Once a year, in November, Operation Movember takes place, which aims to raise awareness of male diseases and mental health issues.
According to reports from the World Health Organization (WHO), 1 in 4 people in Europe is affected by mental disorders in their lifetime.
In France, about 7.5% of 15-85-year-olds suffered from depression during the year 2020 and it is estimated that 15% of 10-20-year-olds need follow-up or care for mental disorders. About 20 percent of children and adolescents worldwide suffer from a mental health problem. Suicide is also the second leading cause of death among 15-29-year-olds.
Every year in France, there are 9,300 suicides and 200,000 suicide attempts, or 24 deaths per day. According to the WHO, “people with serious mental health problems die prematurely – up to two decades earlier – due to preventable physical conditions.”
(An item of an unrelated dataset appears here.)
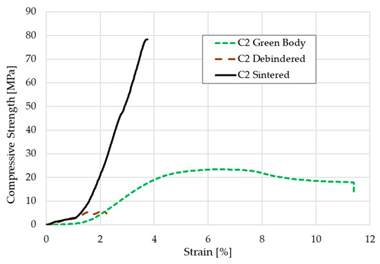 Stress-strain-curve for a C2 based green body, brown body, and sintered scaffold.

Here’s what you need to know about mental health and how to spot the signs of mental disorders.
What is mental health?
Mental health is about absolutely everyone. The World Health Organization recalls that health is intimately linked to mental health. Indeed, an individual’s state of mental health influences their overall health. The WHO also specifies:
Good mental health allows individuals to achieve their selves, overcome the normal stresses of life, do productive work and contribute to the life of their community.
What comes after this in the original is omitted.